Monitoring Scylla with the new Scylla Prometheus API
As of Scylla 1.4, Scylla has native support for Prometheus. This post covers Scylla metrics exporting, an overview of Prometheus and how to use the Prometheus API, the Prometheus-Grafana integration, and provides an answer to which came first: the chicken or the egg.
Scylla version 1.4 introduces a Prometheus API for system monitoring
Metrics Gathered by Scylla
Like most systems, Scylla gathers a variety of metrics, such as memory consumption, the number of objects in the cache, or total operations. The metrics are used in different ways, most notably in the nodetool utility’s output and in dashboard graphs.
Many general dashboard and management solutions use a standard protocol to collect metrics from a system.
Prometheus Server and Protocol
Prometheus, a Cloud Native Computing Foundation project, is a systems and service monitoring system. It collects metrics from configured targets at given intervals, evaluates rule expressions and displays the results, and can trigger alerts if a condition is observed to be true.
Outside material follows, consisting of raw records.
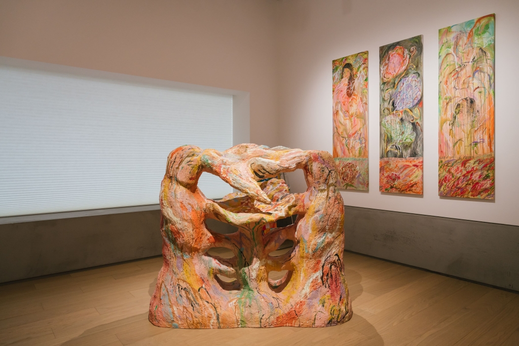 與展覽中的這些作品異曲同工的,是一本兩年前完成的藝術家書《Everywhere Girl》,設計自Juli Baker and Summer為《Nowhere Girl》雜誌撰寫的專欄內容。宛若將自己完全展露時在表現手法上的一體多面,既呈現為親密的表達,也具有大膽甚至挑釁的姿態。同時展出的彩繪雕塑《鴿子郵差》(The Pigeon Post)則直接以鴿子作為自由的象徵,透過形體輪廓的相連,與繪畫作品中密織、交疊顏料與線條而形成的曖昧形成呼應。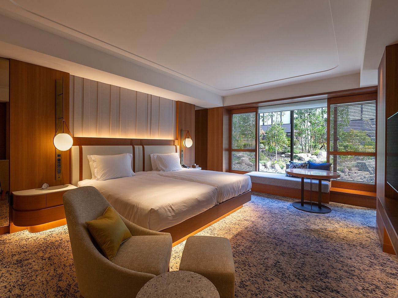 窓越しに感じる中庭の緑で、季節をお楽しみいただけます。広々としたバスルームでは、優雅なバスタイムを。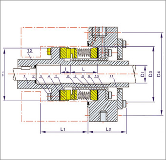 特點:典型靜止式波紋管機封結構,法蘭聯接,強制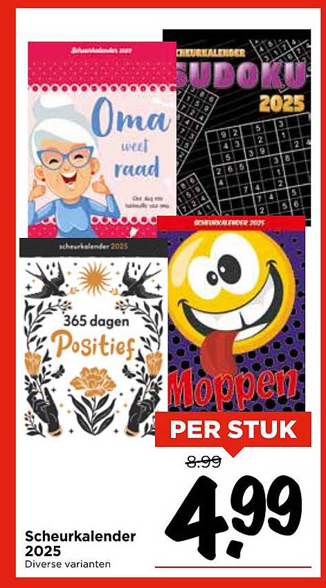 Ontdek de geweldige Scheurkalender 2025 aanbieding in de nieuwste Vomar folder. Naast deze aanbieding vind je nog veel meer aantrekkelijke kortingen. Je kunt de Scheurkalender 2025 eenvoudig online bestellen via de Vomar website of kopen in een winkel bij jou in de buurt.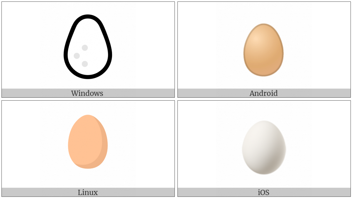 The image below shows how the “Egg” symbol might look like on different operating systems. If the font in which this web site is displayed does not contain the symbol and there is no fallback font able to render it, you can use the image below to get an idea of what it should look like.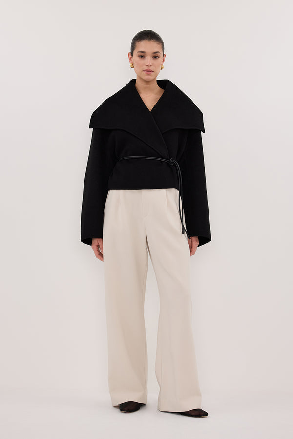 LUCIA BLACK CROPPED WOOL BLEND TRENCH COAT

Prometheus can display graphs, perform mathematical computations over the selected metrics, can be used as a base for other platforms like Grafana for metric display, and has a set of protocols to get metrics from the servers.
Using the Scylla Prometheus API
Before Scylla version 1.4, the Prometheus integration was based on the collectd API. Collectd is still supported, but with Scylla Prometheus native support, connecting directly is the preferred way.
There is little configuration involved (IP and port) with the Scylla Prometheus API, and Prometheus is enabled by default. Both the Collectd and the Prometheus APIs use the same base infrastructure, so all the metrics that are available via the Collectd are available by Prometheus.
Scylla uses port 9180 by default, so if you have a Prometheus server running, add the Scylla server (ip:9180) to your targets list and you are ready to go.
To verify that your Prometheus server is connected, check the status/Targets screen. In the screenshot below, you can see examples of two endpoints–one with Scylla on port 9180 that is up, the second on port 9103 that is not available.
Using the Node Exporter
Scylla exports its own metrics but it is also useful to get the machine metrics. To get the machine metrics, use the node_exporter, which is a utility that exports information about the current machine it runs on.
Starting with Scylla version 1.4, scylla_setup script include a node_exporter installation step, that can install node_exporter and run it as a service.
If you are using Prometheus, we highly recommend using it.
You can always run the node_exporter_install installation script at a later time.
Scylla Dashboards with Prometheus-Grafana
The Scylla Grafana Monitoring dashboard project is a monitoring solution that uses Prometheus as the metrics database and Grafana for displaying the dashboards.
Prometheus and Grafana runs inside Docker-Containers. When setting up the dashboards, you will need to add the nodes to the prometheus.yaml configuration file.
Here are some screenshots from Scylla dashboards.
Disk And Cache
Memory And Network
What’s Ahead for the Scylla Prometheus API?
Look for two enhancements in the coming releases:
- Histogram support. Internally Scylla holds multiple histograms that check for latencies and rates. We will use Prometheus histogram support to export those metrics.
- Metrics description. To help figure out what’s what in the metrics, we are adding more descriptions to the metrics.
And finally, it’s the egg, sorry; that’s how evolution works.